So the one Saturday I get in a week was ruined, and I spent the day in hell. Which, by the way, isn't as fun as all those Satanists make it out to be. I used to spend my days down there frying with all the rest of the damned, but ever since Damien came to the surface and got to know us, he lets me hang out with him. He's a sissy emo bitch, but it beats being torn limb from limb. He watches shitty soaps, and then goes on and on about how happy he'll be when Pip dies. I thought Pip would go to heaven, but Damien's assured me he'll find some way to get him down here.

When I got back that evening I went to see Cartman. He's an ass, but he's the only one that really listens to me when I'm depressed. Stan and Kyle are the sensible ones, but they always have to contradict me, or tell me what I've done wrong or shit like that. Cartman will agree with me and sometimes offer me food. Food's a big thing to me, when you live off bread and crisps anything other than that is welcomed. And obviously Cartman has a lot of stuff, like doughnuts and biscuits and… chocolate.

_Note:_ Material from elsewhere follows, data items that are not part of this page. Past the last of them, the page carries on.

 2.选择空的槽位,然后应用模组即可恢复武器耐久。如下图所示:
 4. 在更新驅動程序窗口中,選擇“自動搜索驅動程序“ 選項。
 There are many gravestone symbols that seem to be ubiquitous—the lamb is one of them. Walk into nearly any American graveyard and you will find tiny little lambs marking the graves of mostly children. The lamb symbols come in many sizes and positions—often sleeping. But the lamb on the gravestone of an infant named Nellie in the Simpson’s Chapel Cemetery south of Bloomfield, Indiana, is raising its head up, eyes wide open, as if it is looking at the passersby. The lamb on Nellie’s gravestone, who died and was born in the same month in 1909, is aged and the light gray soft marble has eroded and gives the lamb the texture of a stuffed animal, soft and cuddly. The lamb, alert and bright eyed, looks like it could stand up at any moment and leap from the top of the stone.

It's like heaven in a house.

But he wasn't in. His mom told me he was with Butters. Psh, yeah right. I went straight where I thought I'd find him, the candy store. Surprise surprise, dead on target.

"Kenny! Back with the living? Cheesy poof?" He offered me the packet and I ended up wolfing the whole pack down in a couple of seconds. "Woah dude, hell make you hungry? Or are you just getting poorer?" He asked me with that annoying smirk of his.

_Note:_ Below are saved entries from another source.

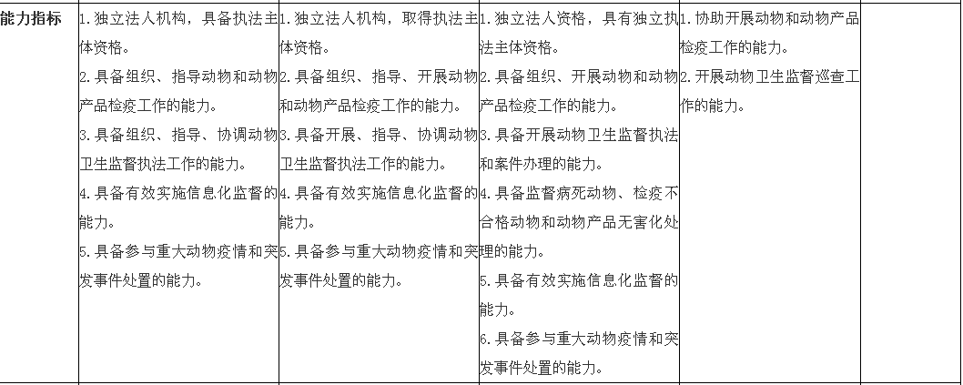 各级动物卫生监督机构核心能力评价指标
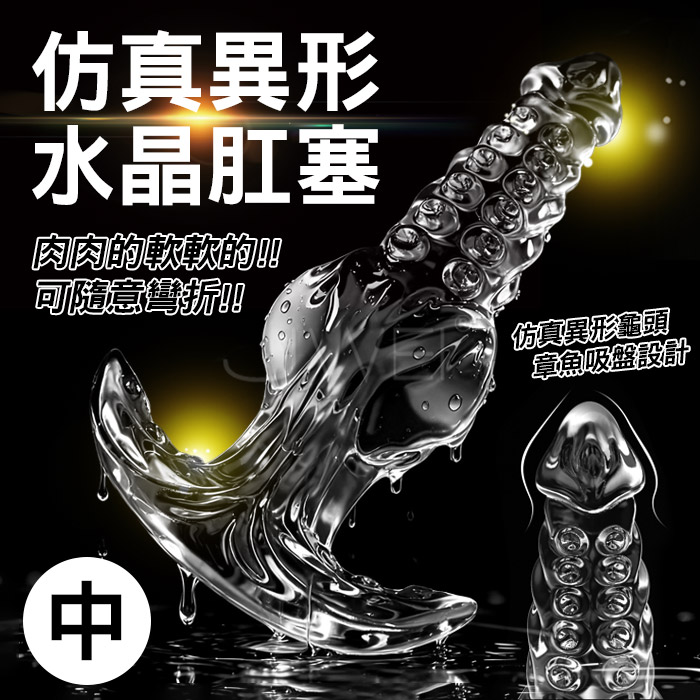 異形水晶.仿真異形龜頭章魚吸盤 透明水晶矽膠肛塞【中】
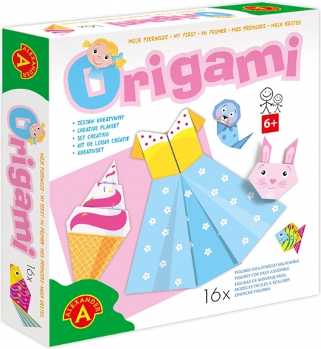 Otkrijte zabavan ulazak u svijet origamija s kreativnim setom Moje prvo origami – haljine brenda Alexander. Pakiranje sadrži 30 šarenih listova s pretisnutim linijama preklopa i slikovnim uputama bez potrebe za čitanjem. Zahvaljujući promišljenom tisku djeca će izraditi originalne haljinice i životinjice, a pritom razvijati finu motoriku, logičko razmišljanje i doživjeti terapijski učinak.
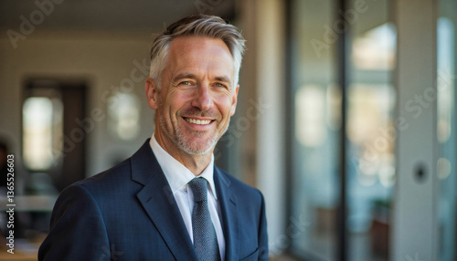 A portrait headshot photo of a friendly professional CEO executive business worker: A smiling, mature businessman in a dark suit and tie confidently poses indoors with a modern office building vi
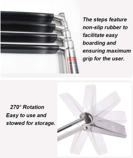 3-stopniowa teleskopowa drabina do łodzi ze stali nierdzewnej – składana drabina do basenu / jachtu morskiego, 150 kg
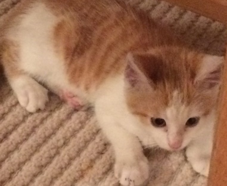 Hvit og oransj kattunge, ca. 3-4 måneder gammel
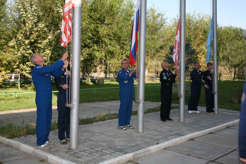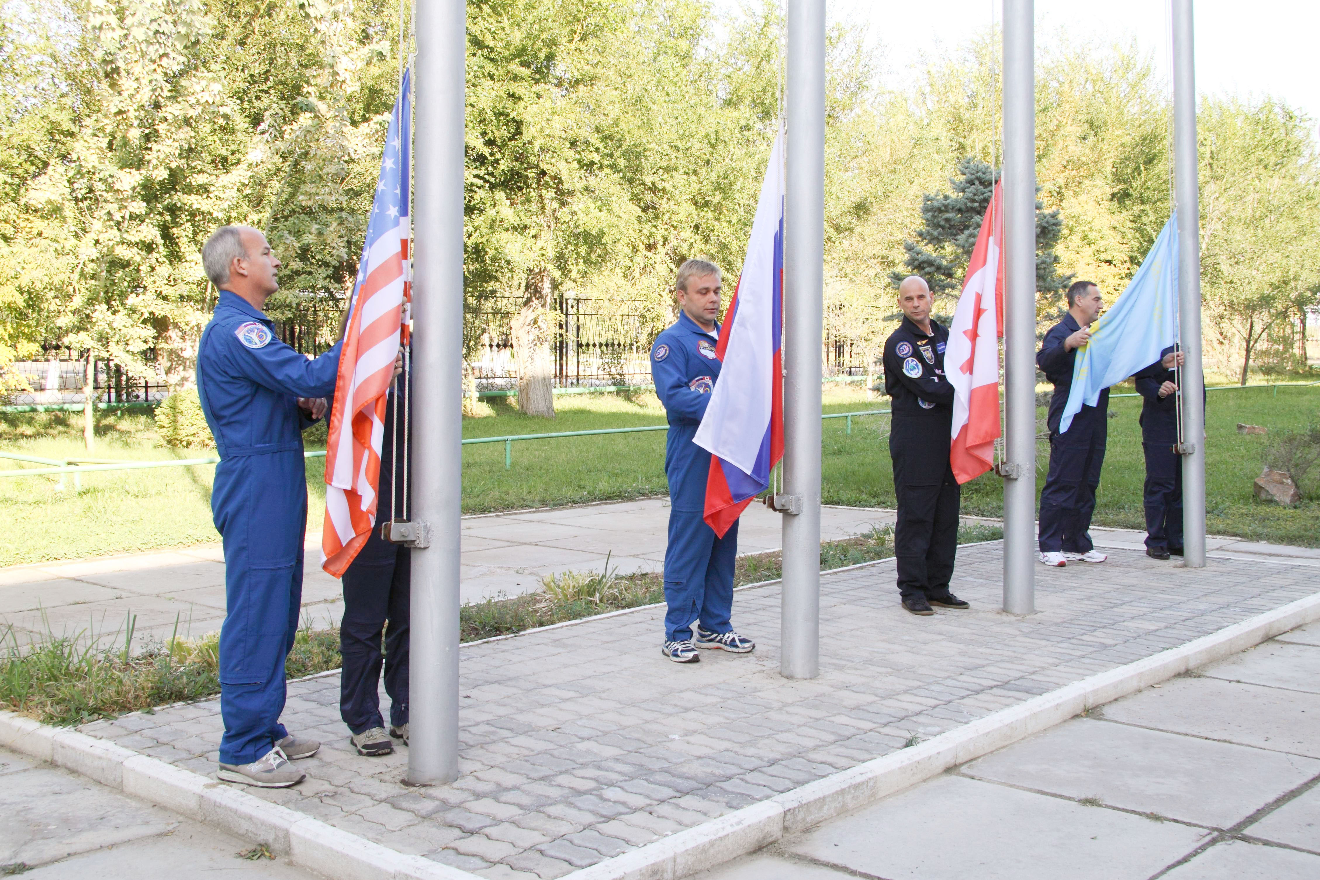 Les cosmonautes hissent les couleurs de leur pays respectif
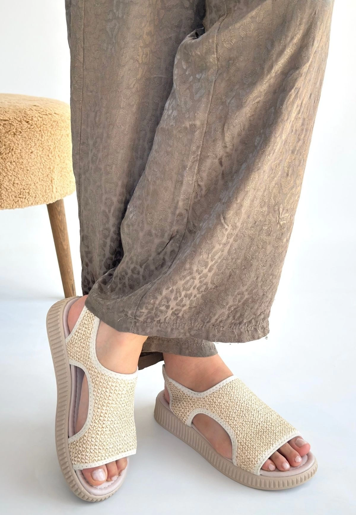 Wayi Bej Hasır Cilt Sandalet (Numara: 39)
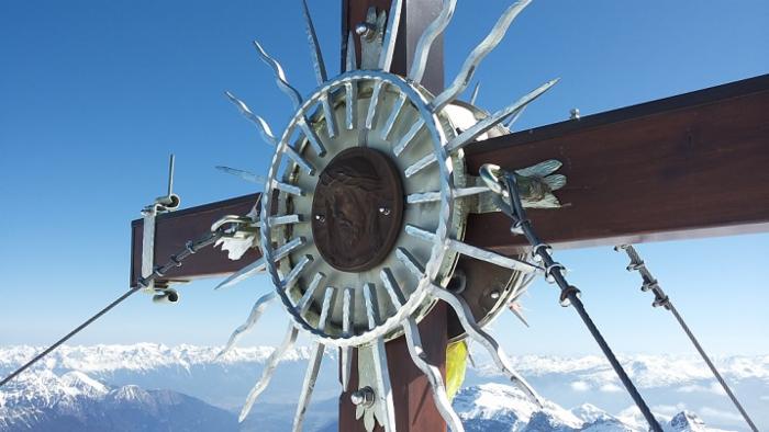 Unten das obere Foto mit dem schönen Gipfelkreuz, beim mittleren Foto blicke ich von unten hinauf in die bei mir noch harte Rinne und unten Firn so weit das Auge reicht.
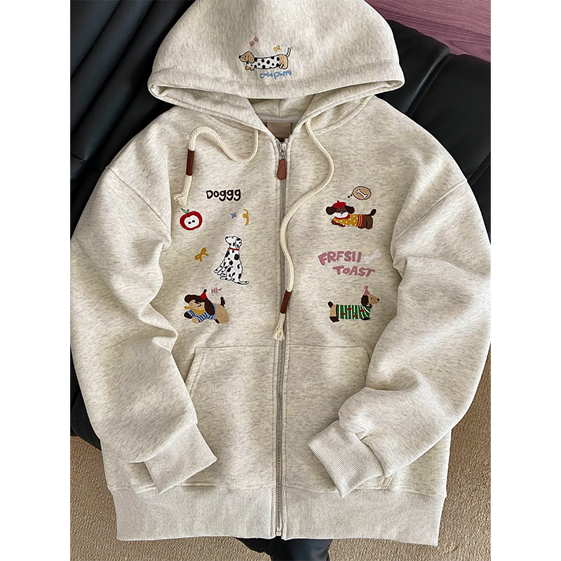 卫衣女2025春秋新款 拉链开衫 胖mm巨遮肉连帽上衣 复古宽松大码 美式

"Fuck off fatass," I growl, but like everyone else he pretends not to hear me and carries on with his weight-gaining mission. Just because I always have my hood up does NOT mean I'm always muffled, especially when I'm that close to someone. But I trailed him around the shop, maybe I'd be able to steal a chocolate bar off him when we got out.

When we did get out, he kept the bag close to him as if I was going to fucking run off with it or something. "Park?" He asked me, a few gummy bears dying inside his mouth. I nodded grumpily, maybe he'd actually listen to me when we were there.

That was the normal hang out now. Craig, Tweek and Butters were there when we arrived. Craig was trying to get Tweek to have a fit, which was pretty cruel of him. Cartman and I took over the climbing frame. Cartman's oversized figure was enough to scare off the little kids without me having to do anything.

"So, Kenny, you come to me now, after your hour of death. Why?" I hate it when he's like this. Acting so sweet. It's not in his nature to be nice, I don't think he ever knows how to act nice. I pulled my hood down, running a hand through my hair. It's getting so long now. Well… not girly long, but long for a guy. I'm going to get Butters to trim it for me. Or my sister.

"Can I have one?" I just had to swallow my pride and ask. Cartman couldn't keep that fat smug smirk off his fat smug face. He's so fat and smug.

"Of course Kenny. But first I would love to hear a pwease," he grinned at me. "You must remember your manners," he told me, stuffing a strawberry lace into his mouth.

I frowned at him, but gave in. "Please Cartman," I growled, waiting with my arms folded. I'd get him back for this later. All I wanted was one lousy sweet.

"Now say, 'please Eric, oh great and worthy master of da universe, allow me to have one of your most delicious sweets, although I am not worthy of-" Okay, now he was just taking the piss.

"CARTMAN. Give me a sweet fatass," I don't want to brag, but I have pretty quick reactions, and within a second the bag was mine and I was down the slide in an instant.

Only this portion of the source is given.